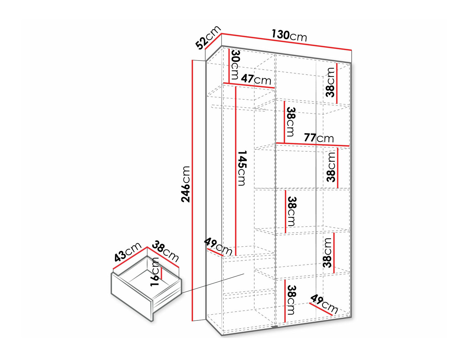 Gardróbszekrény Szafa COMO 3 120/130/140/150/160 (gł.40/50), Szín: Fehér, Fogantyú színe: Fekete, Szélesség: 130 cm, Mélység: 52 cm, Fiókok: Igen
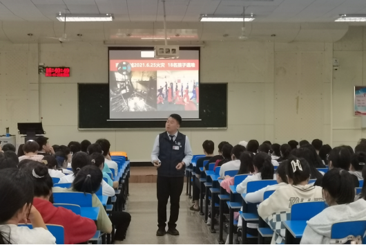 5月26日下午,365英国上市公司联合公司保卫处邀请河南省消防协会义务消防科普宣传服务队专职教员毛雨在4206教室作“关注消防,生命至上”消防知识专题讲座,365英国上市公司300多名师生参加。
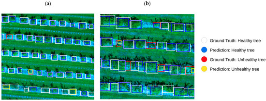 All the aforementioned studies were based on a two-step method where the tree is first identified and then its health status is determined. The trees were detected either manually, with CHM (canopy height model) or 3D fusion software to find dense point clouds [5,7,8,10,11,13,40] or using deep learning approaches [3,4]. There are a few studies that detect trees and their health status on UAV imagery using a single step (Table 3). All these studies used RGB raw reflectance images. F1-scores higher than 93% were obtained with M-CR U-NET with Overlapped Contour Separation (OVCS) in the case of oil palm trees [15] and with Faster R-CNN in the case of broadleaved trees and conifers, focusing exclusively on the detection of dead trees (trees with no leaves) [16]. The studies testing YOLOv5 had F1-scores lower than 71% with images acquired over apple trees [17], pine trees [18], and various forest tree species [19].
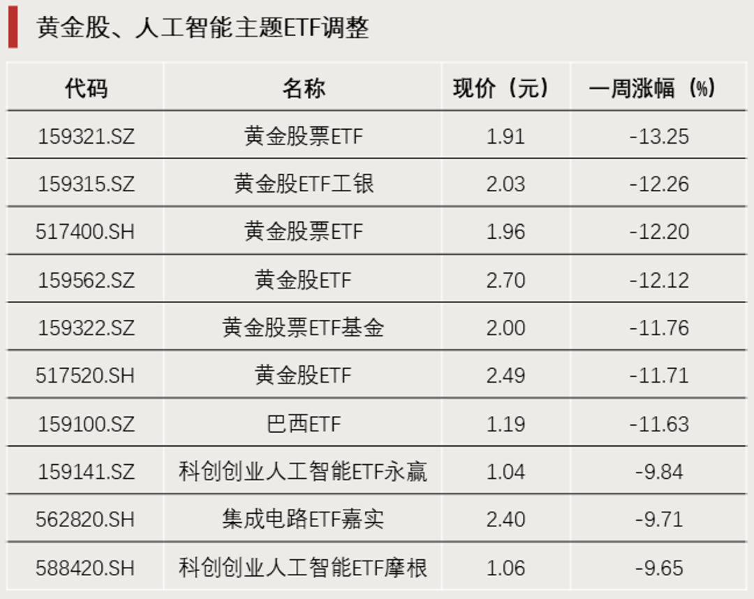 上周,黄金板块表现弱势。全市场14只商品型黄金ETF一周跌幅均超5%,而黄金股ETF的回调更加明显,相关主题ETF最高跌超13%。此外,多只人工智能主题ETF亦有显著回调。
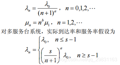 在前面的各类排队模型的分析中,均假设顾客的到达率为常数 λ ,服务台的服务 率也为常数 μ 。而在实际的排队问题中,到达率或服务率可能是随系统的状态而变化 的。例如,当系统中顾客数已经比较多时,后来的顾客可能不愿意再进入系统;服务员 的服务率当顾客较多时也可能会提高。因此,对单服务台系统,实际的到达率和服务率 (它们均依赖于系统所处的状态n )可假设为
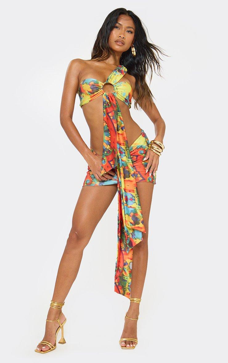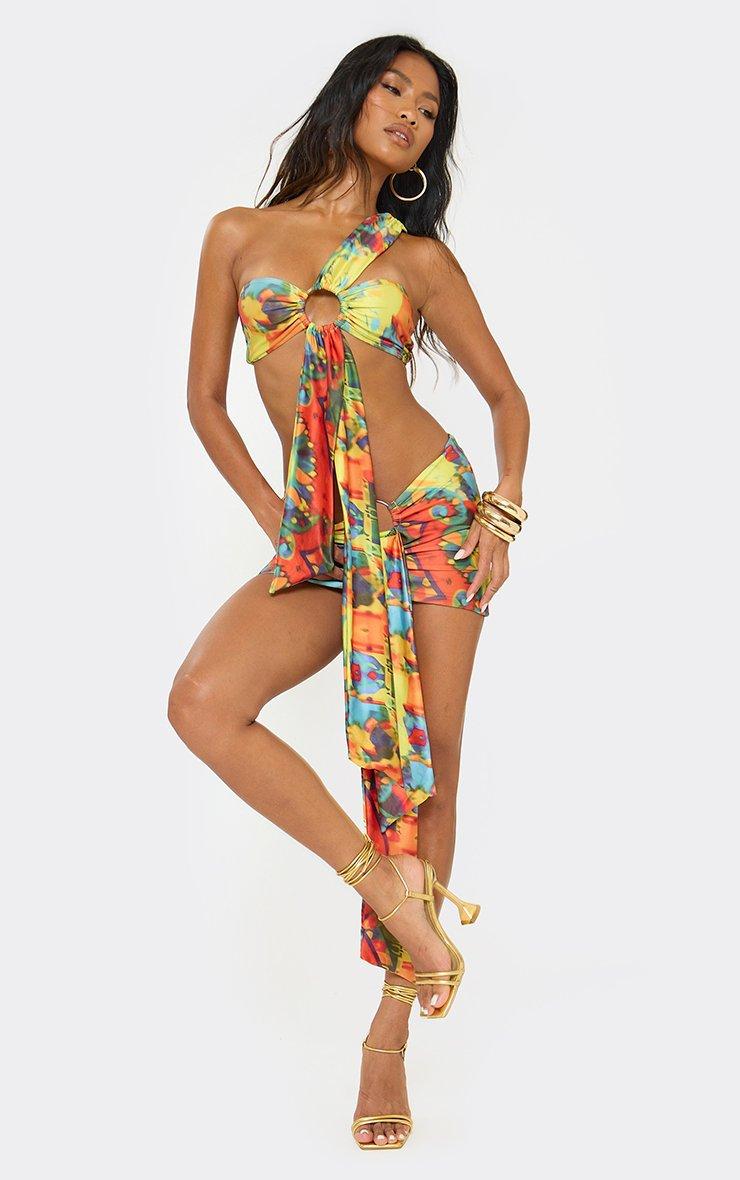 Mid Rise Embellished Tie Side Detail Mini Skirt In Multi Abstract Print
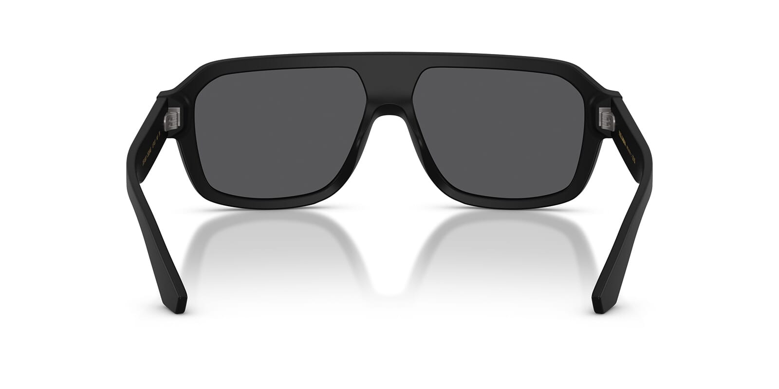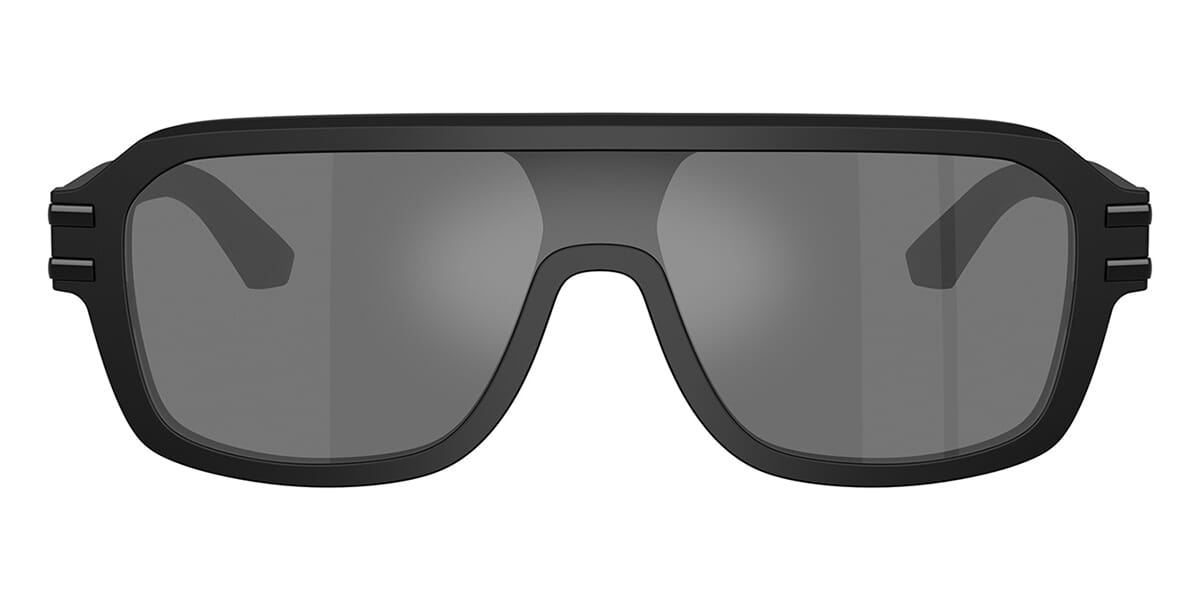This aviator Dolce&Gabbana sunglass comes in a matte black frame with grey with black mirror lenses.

### Task instructions
The expected output is every record above, copied exactly, without pictures.

### Finished task
 Gardróbszekrény Szafa COMO 3 120/130/140/150/160 (gł.40/50), Szín: Fehér, Fogantyú színe: Fekete, Szélesség: 130 cm, Mélység: 52 cm, Fiókok: Igen
 5月26日下午,365英国上市公司联合公司保卫处邀请河南省消防协会义务消防科普宣传服务队专职教员毛雨在4206教室作“关注消防,生命至上”消防知识专题讲座,365英国上市公司300多名师生参加。
 All the aforementioned studies were based on a two-step method where the tree is first identified and then its health status is determined. The trees were detected either manually, with CHM (canopy height model) or 3D fusion software to find dense point clouds [5,7,8,10,11,13,40] or using deep learning approaches [3,4]. There are a few studies that detect trees and their health status on UAV imagery using a single step (Table 3). All these studies used RGB raw reflectance images. F1-scores higher than 93% were obtained with M-CR U-NET with Overlapped Contour Separation (OVCS) in the case of oil palm trees [15] and with Faster R-CNN in the case of broadleaved trees and conifers, focusing exclusively on the detection of dead trees (trees with no leaves) [16]. The studies testing YOLOv5 had F1-scores lower than 71% with images acquired over apple trees [17], pine trees [18], and various forest tree species [19].
 上周,黄金板块表现弱势。全市场14只商品型黄金ETF一周跌幅均超5%,而黄金股ETF的回调更加明显,相关主题ETF最高跌超13%。此外,多只人工智能主题ETF亦有显著回调。
 在前面的各类排队模型的分析中,均假设顾客的到达率为常数 λ ,服务台的服务 率也为常数 μ 。而在实际的排队问题中,到达率或服务率可能是随系统的状态而变化 的。例如,当系统中顾客数已经比较多时,后来的顾客可能不愿意再进入系统;服务员 的服务率当顾客较多时也可能会提高。因此,对单服务台系统,实际的到达率和服务率 (它们均依赖于系统所处的状态n )可假设为
 Mid Rise Embellished Tie Side Detail Mini Skirt In Multi Abstract Print
This aviator Dolce&Gabbana sunglass comes in a matte black frame with grey with black mirror lenses.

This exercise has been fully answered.